__Raw data__
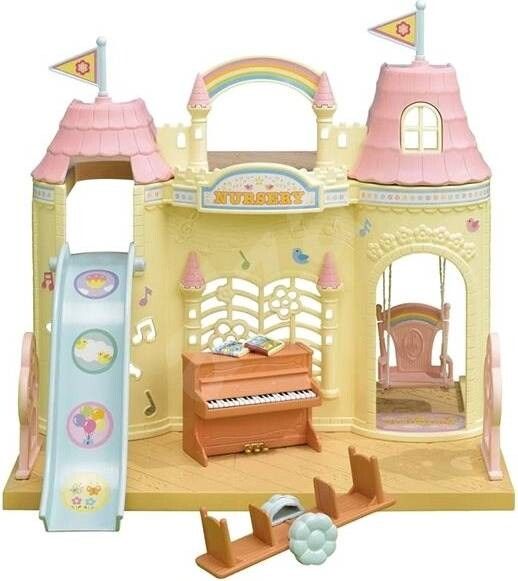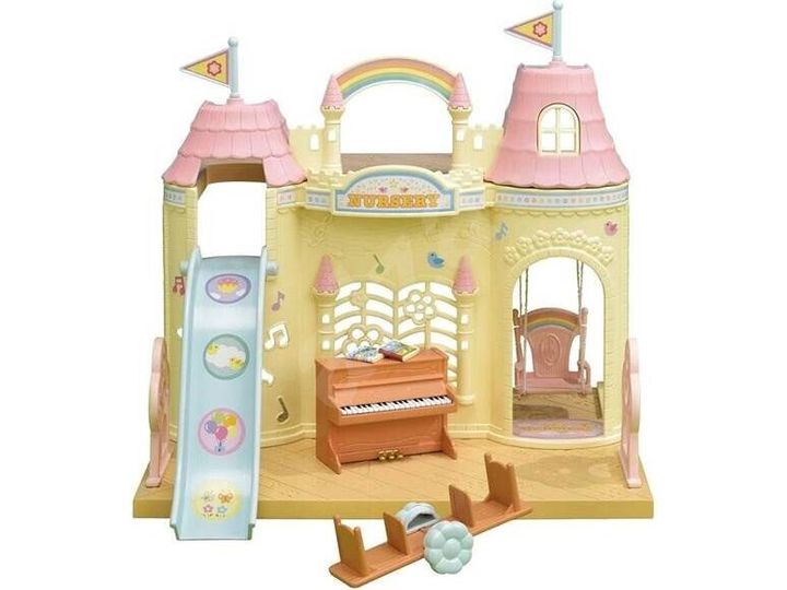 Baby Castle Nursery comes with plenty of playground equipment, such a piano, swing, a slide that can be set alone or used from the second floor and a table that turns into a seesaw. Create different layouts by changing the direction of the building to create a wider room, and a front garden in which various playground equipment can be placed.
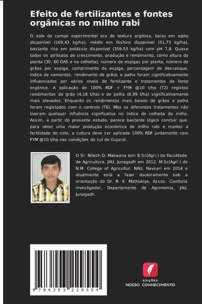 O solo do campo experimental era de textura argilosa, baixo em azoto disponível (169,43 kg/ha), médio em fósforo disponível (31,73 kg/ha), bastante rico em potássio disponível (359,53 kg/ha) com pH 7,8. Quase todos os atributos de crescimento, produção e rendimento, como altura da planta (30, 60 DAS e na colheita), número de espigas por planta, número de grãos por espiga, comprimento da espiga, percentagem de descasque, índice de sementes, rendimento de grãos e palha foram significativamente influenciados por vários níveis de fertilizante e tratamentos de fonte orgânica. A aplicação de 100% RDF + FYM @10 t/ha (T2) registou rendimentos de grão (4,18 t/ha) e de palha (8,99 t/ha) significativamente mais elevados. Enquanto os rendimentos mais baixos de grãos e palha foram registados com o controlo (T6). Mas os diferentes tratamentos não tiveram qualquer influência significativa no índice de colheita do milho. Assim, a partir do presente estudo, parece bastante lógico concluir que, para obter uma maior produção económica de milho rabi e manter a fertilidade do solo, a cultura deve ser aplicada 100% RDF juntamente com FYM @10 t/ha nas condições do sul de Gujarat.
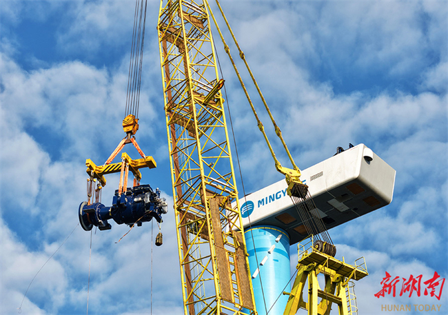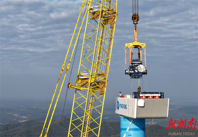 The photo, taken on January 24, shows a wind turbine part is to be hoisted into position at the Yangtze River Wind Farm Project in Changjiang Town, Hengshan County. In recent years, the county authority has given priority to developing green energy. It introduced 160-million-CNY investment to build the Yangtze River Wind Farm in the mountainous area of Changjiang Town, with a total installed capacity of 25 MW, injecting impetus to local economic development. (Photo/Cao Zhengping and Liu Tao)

__What is being asked__
Repeat the data word for word, minus any pictures.

__Solution below__
 Baby Castle Nursery comes with plenty of playground equipment, such a piano, swing, a slide that can be set alone or used from the second floor and a table that turns into a seesaw. Create different layouts by changing the direction of the building to create a wider room, and a front garden in which various playground equipment can be placed.
 O solo do campo experimental era de textura argilosa, baixo em azoto disponível (169,43 kg/ha), médio em fósforo disponível (31,73 kg/ha), bastante rico em potássio disponível (359,53 kg/ha) com pH 7,8. Quase todos os atributos de crescimento, produção e rendimento, como altura da planta (30, 60 DAS e na colheita), número de espigas por planta, número de grãos por espiga, comprimento da espiga, percentagem de descasque, índice de sementes, rendimento de grãos e palha foram significativamente influenciados por vários níveis de fertilizante e tratamentos de fonte orgânica. A aplicação de 100% RDF + FYM @10 t/ha (T2) registou rendimentos de grão (4,18 t/ha) e de palha (8,99 t/ha) significativamente mais elevados. Enquanto os rendimentos mais baixos de grãos e palha foram registados com o controlo (T6). Mas os diferentes tratamentos não tiveram qualquer influência significativa no índice de colheita do milho. Assim, a partir do presente estudo, parece bastante lógico concluir que, para obter uma maior produção económica de milho rabi e manter a fertilidade do solo, a cultura deve ser aplicada 100% RDF juntamente com FYM @10 t/ha nas condições do sul de Gujarat.
 The photo, taken on January 24, shows a wind turbine part is to be hoisted into position at the Yangtze River Wind Farm Project in Changjiang Town, Hengshan County. In recent years, the county authority has given priority to developing green energy. It introduced 160-million-CNY investment to build the Yangtze River Wind Farm in the mountainous area of Changjiang Town, with a total installed capacity of 25 MW, injecting impetus to local economic development. (Photo/Cao Zhengping and Liu Tao)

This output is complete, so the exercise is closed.